Required action: From the line that contains "This is an historic" to the last line of the data below, transcribe every line exactly. Do not include the pictures.

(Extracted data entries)
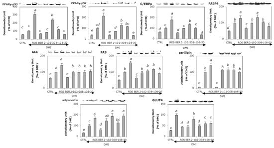 Perilipin coats lipid droplets in adipocytes and induces lipolysis [40,41]. The effects of 2 and 8 on the levels of perilipin are shown in Figure 5. Similar to the effects on the levels of lipogenic proteins, ROS up-regulates and BER down-regulates the expression of perilipin. Adding 2 or 8 did not change perilipin levels.
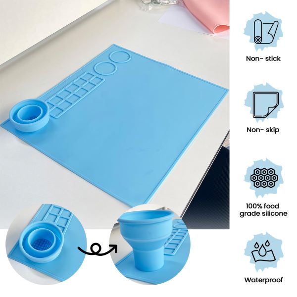 Diese wasserfeste, nicht klebende und rutschfeste Matte aus 100% lebensmittelechtem Silikon ist perfekt für alle Ihre Bastelarbeiten. Mit 14 Vertiefungen und einem Mischbereich ist sie perfekt für die Organisation Ihrer Materialien.
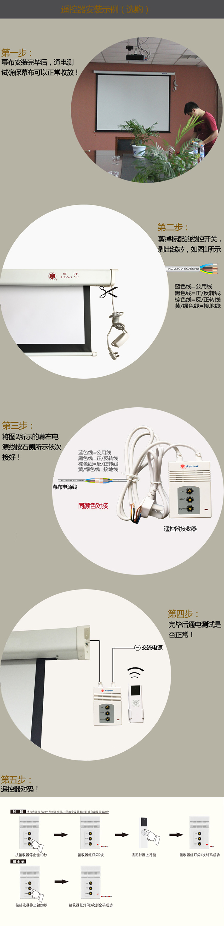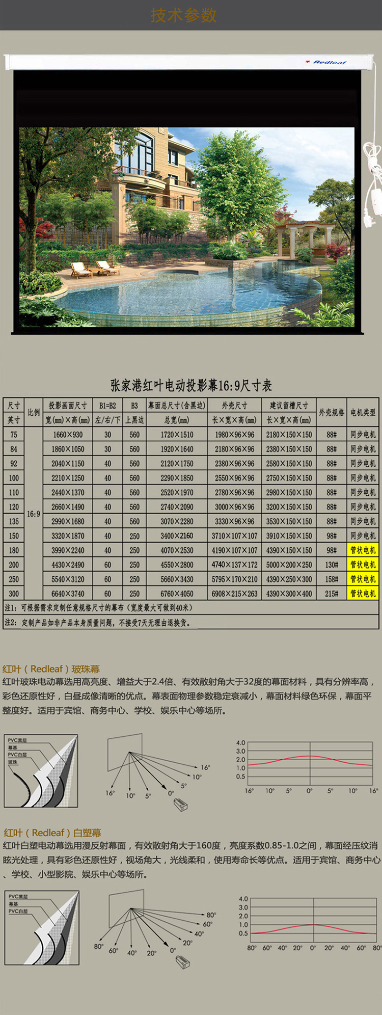红叶 135寸 16:9电动玻珠遥控幕布(单位:个)
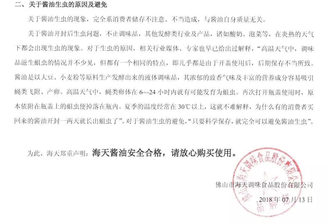 7月13日,海天味業(yè)在其官網(wǎng)發(fā)布“海天醬油安全合格,請放心購買使用”聲明。聲明稱,海天味業(yè)出場的產(chǎn)品均按照國家標(biāo)準(zhǔn)生產(chǎn),在出廠前均經(jīng)過檢驗(yàn)合格。因此,未開封的產(chǎn)品不會有活蟲和蟲卵生長。至于醬油開封后出現(xiàn)蛆蟲,海天味業(yè)解釋說,不止調(diào)味品,酸奶、泡菜等發(fā)酵產(chǎn)品在炎熱的條件下也容易生蟲。而醬油生蛆“完全是消費(fèi)者儲存不當(dāng)造成,與醬油自身質(zhì)量無關(guān)”。
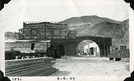 This is an historic black and white photograph from the Scotty's Castle Historic Photograph Collection, Death Valley National Park of Scotty's Castle Main House looking west. Highlights Enclosed Patio arch wall connecting to Annex. February 6, 1927. Photographed by Mat Roy Thompson.
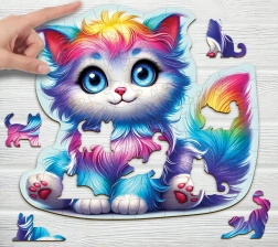 WOODEN CITY Drewniana układanka Kolorowy kociak to niesamowita układanka z unikalnie ukształtowanymi elementami w kształcie zwierząt, która gwarantuje większe wyzwanie i zabawę dla wszystkich miłośników puzzli.
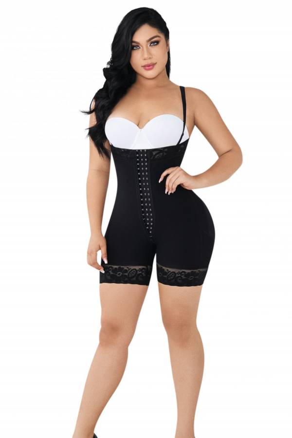 Body modelator disponibil in varianta negru sau nude, de lungime pana la jumatatea coapsei cu bretele detasabile.
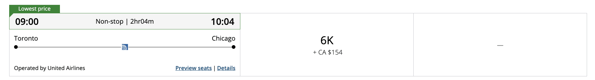 Now, let’s look at the value you could get by using these same points to make a travel redemption. Imagine you need to make a one-way flight award booking from Toronto to Chicago in economy. In cash, the price of the flight is $362, inclusive of $154 in taxes and fees.

Response to the exercise:
 This is an historic black and white photograph from the Scotty's Castle Historic Photograph Collection, Death Valley National Park of Scotty's Castle Main House looking west. Highlights Enclosed Patio arch wall connecting to Annex. February 6, 1927. Photographed by Mat Roy Thompson.
 WOODEN CITY Drewniana układanka Kolorowy kociak to niesamowita układanka z unikalnie ukształtowanymi elementami w kształcie zwierząt, która gwarantuje większe wyzwanie i zabawę dla wszystkich miłośników puzzli.
 Body modelator disponibil in varianta negru sau nude, de lungime pana la jumatatea coapsei cu bretele detasabile.
 Now, let’s look at the value you could get by using these same points to make a travel redemption. Imagine you need to make a one-way flight award booking from Toronto to Chicago in economy. In cash, the price of the flight is $362, inclusive of $154 in taxes and fees.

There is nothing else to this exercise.